Jusqu'à tout récemment, BAC fournissait aux Canadiens les ouvrages de référence sur demande, peu importe où ils étaient situés au pays. Cela se faisait à titre de prêt entre la Bibliothèque nationale, située à Ottawa, et la bibliothèque publique du citoyen.

Pourtant, à quelques jours de Noël, plus de 18 employés permanents, dont certains travaillaient à BAC depuis plusieurs décennies, ont perdu leur emploi.

La Bibliothèque avait annoncé qu'elle fermait de façon permanente son service de prêts et préparait une nouvelle offre de service numérisée, fondée sur la popularité des demandes. Plus un ouvrage était demandé, plus ses chances d'être numérisé grandissaient.

«Ce n'est pas clair, ce qui arrivera à nos membres. Pour l'instant, ils ont perdu leur emploi. On arrive à Noël, ça veut donc dire qu'ils vont passer le temps des Fêtes sans savoir ce qui leur arrivera en 2013», a expliqué à La Presse Claude Poirier, président national de l'Association canadienne des employés professionnels (ACEP). Ce syndicat et l'Alliance de la Fonction publique représentent l'ensemble des employés touchés par les coupes au service de prêts.

Rencontre

Les employés du service de prêts entre bibliothèques ont été convoqués aujourd'hui pour une rencontre où l'on expliquera la nouvelle offre de service.

BAC leur annoncera notamment qu'elle continuera de prêter les ouvrages dont elle a l'exclusivité, mais les employés qui ont perdu leur emploi n'ont toujours pas reçu d'offre pour réintégrer le service.

L'ACEP dénonce le fait que les cadres ne soient pas réellement touchés par les nouvelles mesures de restriction budgétaire de la fonction publique et que des décisions «scandaleuses» sont prises, sans consultation.

«On a appris récemment que de vieux journaux canadiens qui étaient archivés seraient détruits, par souci d'économie. C'est une source d'information majeure qui pourrait disparaître. Les membres sont furieux», a dit M. Poirier.

Le responsable des communications, Marc Comeau, a cependant voulu nuancer.

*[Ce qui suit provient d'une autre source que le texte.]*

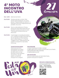Posted: 02 Sep 2015 06:03 AM PDT Siamo lieti di invitare il Vs. Motoclub o Associazione e tutti i Vs. soci al 4° MOTOINCONTRO DELL'UVA che si terrà a Montefelcino - Prov. di Pesaro e Urbino durante la Festa dell'Uva il giorno 27 settembre 2015. Visto il grande successo dello scorso anno e la riuscita della Festa dell'Uva giunta ormai alla 9° edizione abbiamo deciso di allargarci ed estendere l'invito anche ai bikers delle regioni a noi più vicine. PROGRAMMA e LOCANDINA: DOMENICA 27 SETTEMBRE Ore 8.00: Apertura iscrizioni Ore 10.00: Partenza del giro turistico "Alla pendici della Carpegna" con sosta presso "l'Azienda Agricola Valturio" a Macerata Feltria con degustazione dei prodotti, vino e olio; Ore 13.00: Ritorno a Montefelcino e Pranzo libero presso gli stand della Festa dell'Uva durante il quale avverranno le varie "Premiazioni ai Motociclisti e ai Motoclub"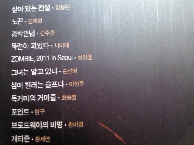 나름 재밌게 읽었습니다. 단편의 한계인지 무릎을 탁! 칠 정도의 대작은 없었으나 수작 몇작품이 눈에 띄네요. 본격 추리 매니아로서 <노끈>과 <포인트>가 특히 좋았습니다. 한국 추리소설 화이팅~ 입니다.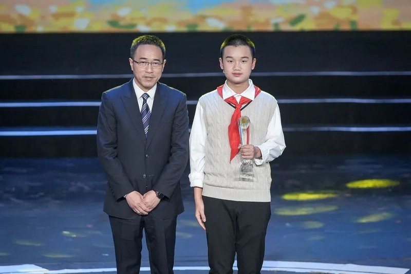 中共湖北省委宣傳部副部長黃學(xué)龍為全國“新時代好少年”獲獎?wù)唿S煒宸頒獎
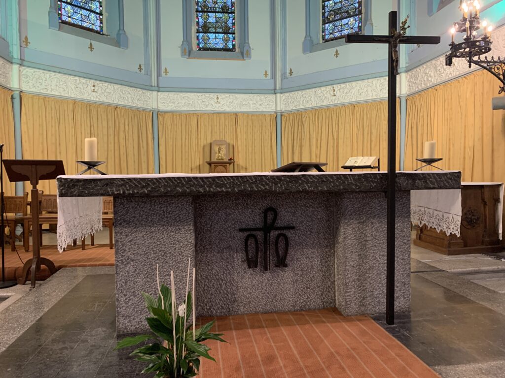 L’autel se situe dans le chœur de l’église. Il représente le tombeau de Jésus. C’est sur celui-ci que le prêtre ou l’évêque célèbre, au nom de Jésus, l’Eucharistie. Il rend présent et vivant Jésus dans le pain et le vin qui sont offerts. A chaque messe, par les mains du prêtre, le Christ offre sa vie. Il passe de la mort à la vie, il actualise sa victoire sur la mort et le péché. Jésus vivant nous sanctifie, nous unit, nous purifie, nous pardonne, nous ouvre un avenir.

«Au cours des dernières années, BAC a procédé à l'examen complet de sa collection de journaux reliés, ce qui a révélé qu'une certaine quantité de ceux-ci étaient en très mauvais état et donc impossibles à consulter. Par conséquent, on a décidé de procéder à l'élimination de sa collection des journaux reliés en très mauvais état, mais seulement s'il en possède déjà des copies supplémentaires, soit sur papier, soit sur microfiche. Environ 10% de la collection de journaux reliés sont ainsi visés par cette mesure», a dit M. Comeau.